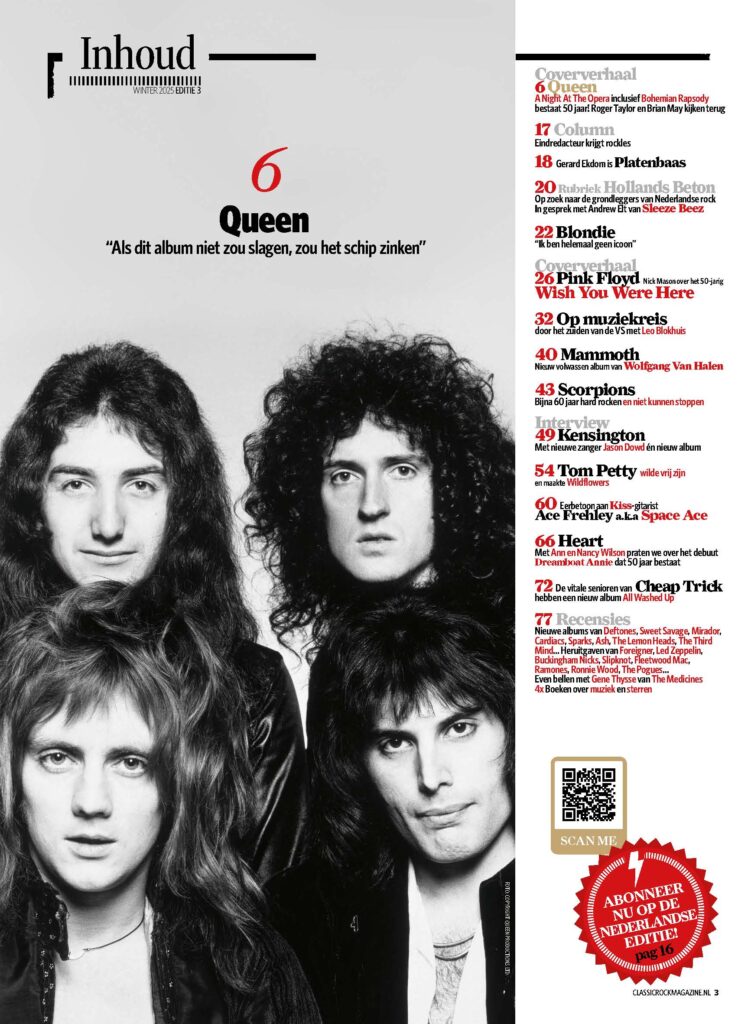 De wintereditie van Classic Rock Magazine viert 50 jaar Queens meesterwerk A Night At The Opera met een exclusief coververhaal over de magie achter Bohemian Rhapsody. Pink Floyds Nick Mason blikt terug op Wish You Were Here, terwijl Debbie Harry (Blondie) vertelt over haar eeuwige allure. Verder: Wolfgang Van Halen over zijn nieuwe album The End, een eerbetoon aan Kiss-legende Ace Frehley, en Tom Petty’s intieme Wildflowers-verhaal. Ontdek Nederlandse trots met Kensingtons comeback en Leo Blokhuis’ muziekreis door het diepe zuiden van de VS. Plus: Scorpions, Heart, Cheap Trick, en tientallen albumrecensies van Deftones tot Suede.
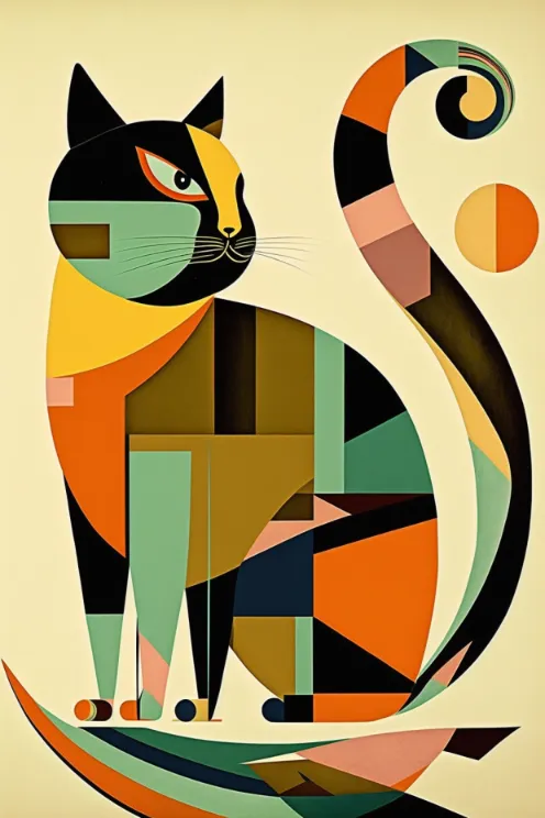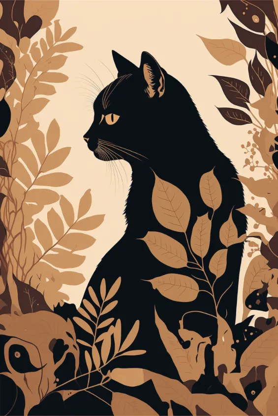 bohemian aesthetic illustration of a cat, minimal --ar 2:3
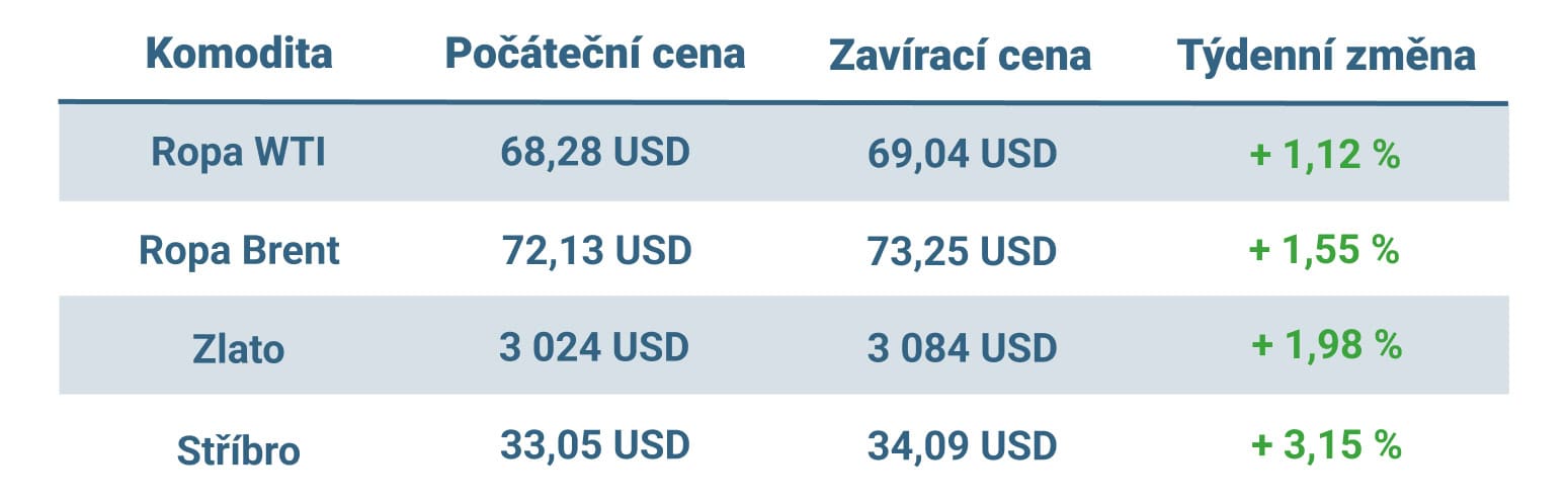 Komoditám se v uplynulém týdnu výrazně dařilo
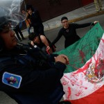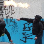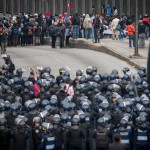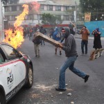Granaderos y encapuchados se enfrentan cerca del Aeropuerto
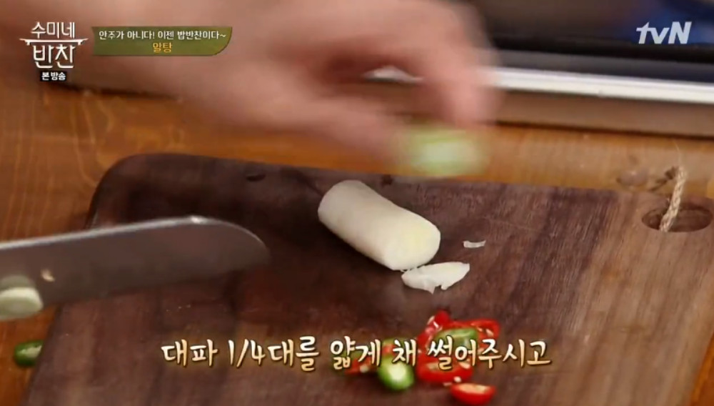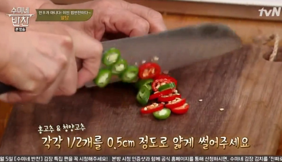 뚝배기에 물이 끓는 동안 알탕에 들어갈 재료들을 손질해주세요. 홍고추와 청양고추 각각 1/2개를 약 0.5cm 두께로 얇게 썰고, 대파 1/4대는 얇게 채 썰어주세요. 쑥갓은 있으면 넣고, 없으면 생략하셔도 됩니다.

◇ ◇ ◇

• Exercise directions
Retype the line containing "Komoditám se v" and each line after it through the last line of the entries above, exactly, with no pictures and nothing else.

• Exercise output
 Komoditám se v uplynulém týdnu výrazně dařilo
Granaderos y encapuchados se enfrentan cerca del Aeropuerto
 뚝배기에 물이 끓는 동안 알탕에 들어갈 재료들을 손질해주세요. 홍고추와 청양고추 각각 1/2개를 약 0.5cm 두께로 얇게 썰고, 대파 1/4대는 얇게 채 썰어주세요. 쑥갓은 있으면 넣고, 없으면 생략하셔도 됩니다.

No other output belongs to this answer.